The quality of the synthetic images was assessed by radiologists. We designed a visual Turing test involving two experts, a primary radiologist, and a senior radiologist. A dataset that was mixed up with 100 real samples and 100 samples generated by our progressive growing wGAN was created. Radiologists were asked to classify every image in that dataset as being either real or fake. The radiologists were told some tricks to identify the GAN synthetic images to allow the radiologists to be more experienced in distinguishing between true and fake images, such as strange lung walls and checkerboard artifacts. They were also told the total number of true and fake images. The result of this test is summarized in Table 2. The true-positive ratio (how many real images have been identified as real), the false-positive ratio (how many synthetic images have been classified as real), and the accuracy were calculated.
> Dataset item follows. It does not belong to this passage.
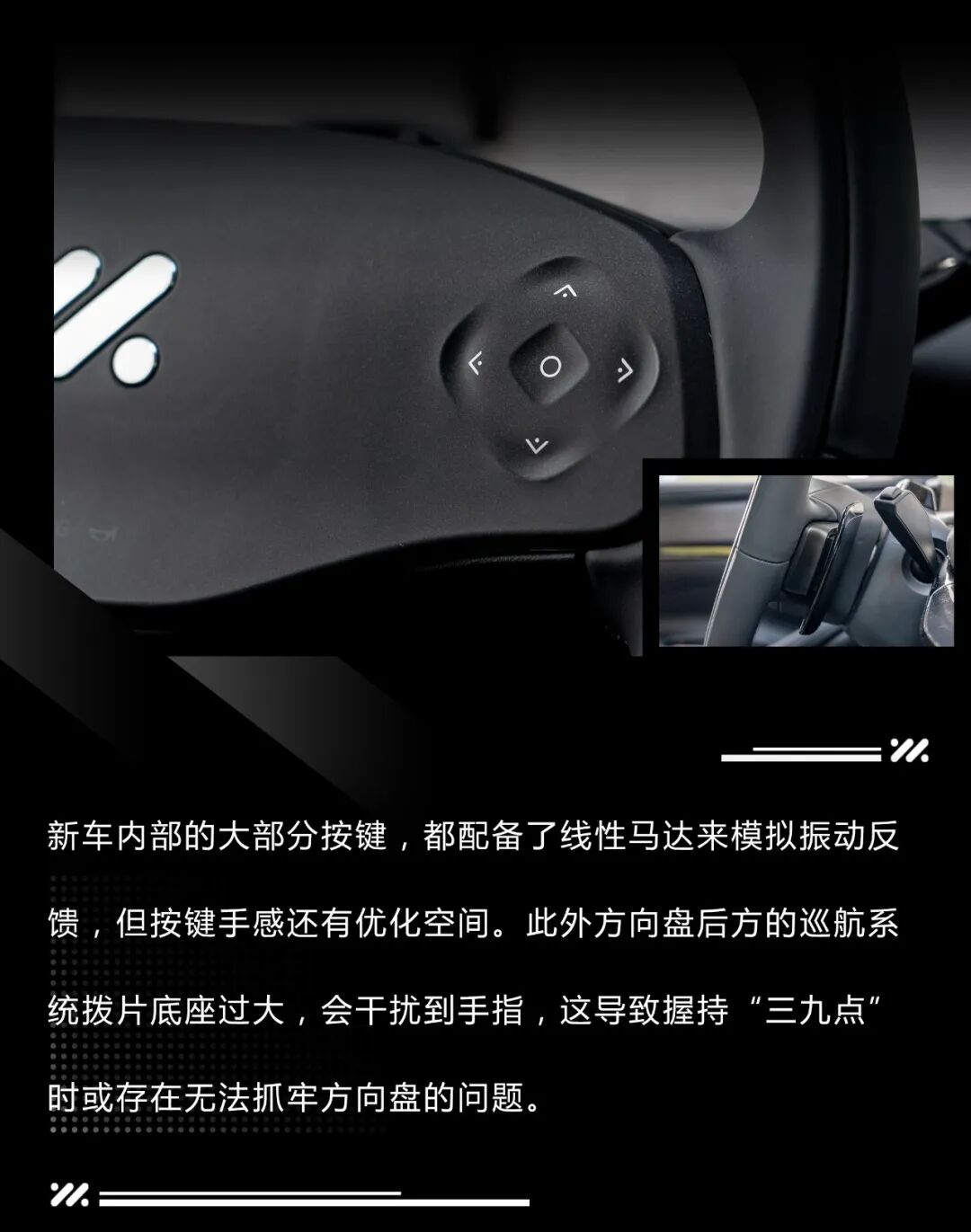 当然,作为新品牌的首款车型,智己L7也存在一些小问题,例如通过线性马达提供振动反馈的按键很酷,但手感却并不算理想;方向盘背后的辅助驾驶控制拨片非常方便,但较大的底座会干扰手指握持。

The average accuracy of distinguishing fake nodules for radiologists was only 60.5% (little higher than random), suggesting there to be a high-quality of GAN synthetic images.

Table 2 Summary of experts’ assessment of synthetic images
Full table

Comparison with other classification methods

In our final experiment, the performance of the GAN plus CNN–based system proposed in this work was compared with a recently published state-of-the-art subcentimeter pulmonary adenocarcinoma classification method, called the 3D DenseSharp Network (48). 2D DenseNet and 3D DenseNet (49) were also within our range of comparison. 3D DenseSharp Network is an enhanced 3D DenseNet model created through the introduction of segmentation loss. To compare these approaches, we ran 2D DenseNet, 3D DenseNet, and 3D DenseSharp on the dataset of the current work. The optimized hyperparameters for the subcentimeter pulmonary adenocarcinoma classification task were the same as the public code found in their original article: patch size =32×32×3; λ=0.2. Following their experimental setup, the weights of the DenseNet networks were randomly initialized, rather than pretrained on ImageNet. The ground truth masks used in DenseSharp Network were collected as described in the above methods section. We trained in four-fold cross-validations 12 times. Table 3 summarizes the accuracy and the number of total parameters across the different methods. Primarily, the proposed GAN plus CNN-based system achieved high and stable accuracy (60.5%±2.6%) that was comparable to the state-of-the-art methods (60.7%±5.5%). Additionally, our methods (number of parameters: 55,000) were much more lightweight than the state-of-the-art methods (number of parameters: 599,000).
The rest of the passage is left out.